Search code examples
javaalgorithmlevenshtein-distance

How do I find the percentage of similarity between two multiline Strings?


I have got two multi-line strings. I'm using the following code to determine the similarity between two of them. This makes use of Levenshtein distance algorithm.

  public static double similarity(String s1, String s2) {
    String longer = s1, shorter = s2;
    if (s1.length() < s2.length()) { 
      longer = s2; shorter = s1;
    }
    int longerLength = longer.length();
    if (longerLength == 0) { return 1.0; /* both strings are zero length */ }

    return (longerLength - editDistance(longer, shorter)) / (double) longerLength;

  }

  public static int editDistance(String s1, String s2) {
    s1 = s1.toLowerCase();
    s2 = s2.toLowerCase();

    int[] costs = new int[s2.length() + 1];
    for (int i = 0; i <= s1.length(); i++) {
      int lastValue = i;
      for (int j = 0; j <= s2.length(); j++) {
        if (i == 0)
          costs[j] = j;
        else {
          if (j > 0) {
            int newValue = costs[j - 1];
            if (s1.charAt(i - 1) != s2.charAt(j - 1))
              newValue = Math.min(Math.min(newValue, lastValue),
                  costs[j]) + 1;
            costs[j - 1] = lastValue;
            lastValue = newValue;
          }
        }
      }
      if (i > 0)
        costs[s2.length()] = lastValue;
    }
    return costs[s2.length()];
  }

But the above code is not working as expected.

For instance lets say that we have got the following two strings say s1 and s2,

S1 -> How do we optimize the performance? . What should we do to compare both strings to find the percentage of similarity between both?

S2-> How do we optimize tje performance? What should we do to compare both strings to find the percentage of similarity between both?
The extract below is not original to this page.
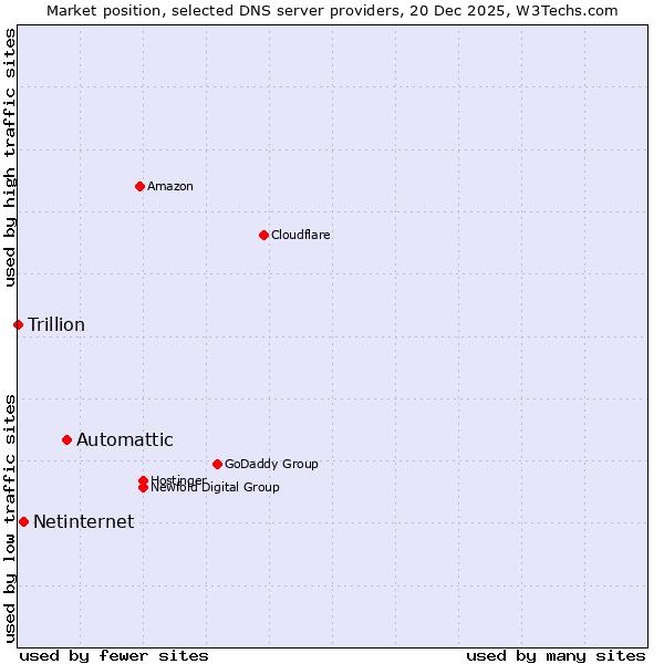 TechnologiesContent ManagementServer-side Languages Client-side Languages JavaScript Libraries CSS Frameworks Web Servers Web Panels Operating Systems Web Hosting Data Centers Reverse Proxies DNS Servers Email Servers SSL Certificate Authorities Content Delivery Traffic Analysis Tools Advertising Networks Tag Managers Social Widgets Site Elements Structured Data Markup Languages Character Encodings Image File Formats Top Level Domains Server Locations Content Languages | Technologies > DNS Servers > Technology usage comparison Comparison of the usage statistics of Automattic vs. Netinternet vs. Trillion for websitesThis report shows the usage statistics of Automattic vs. Netinternet vs. Trillion as DNS server provider on the web. See technologies overview for explanations on the methodologies used in the surveys. Our reports are updated daily. UsageThis diagram shows the percentages of websites using the selected technologies. How to read the diagram:

Then I'm passing the above string to similarity method but it does not find the exact percentage of difference. How do I optimize the algorithm?

Following is my main method

update:

public static boolean authQuestion(String question) throws SQLException{


        boolean isQuestionAvailable = false;
        Connection dbCon = null;
        try {
            dbCon = MyResource.getConnection();
            String query = "SELECT * FROM WORDBANK where WORD ~*  ?;";
            PreparedStatement checkStmt = dbCon.prepareStatement(query);
            checkStmt.setString(1, question);
            ResultSet rs = checkStmt.executeQuery();
            while (rs.next()) {
                double re=similarity( rs.getString("question"), question);
                if(re  > 0.6){
                    isQuestionAvailable = true;
                }else {
                    isQuestionAvailable = false;
                }
            }
        } catch (URISyntaxException e1) {
            e1.printStackTrace();
        } catch (SQLException sqle) {
            sqle.printStackTrace();
        } catch (Exception e) {
            if (dbCon != null)
                dbCon.close();
        } finally {
            if (dbCon != null)
                dbCon.close();
        }

        return isQuestionAvailable;
    }

Solution

  • I can suggest you an approach...

    You are using edit distance, which gives you the number of characters in S1 you need to change/add/remove in order to turn it to S2.

    So, for example:

    S1 = "abc"
    S2 = "cde"
    

    the edit distance is 3 and they are 100% different (taking in consideration you see it in some kind of char by char comparison).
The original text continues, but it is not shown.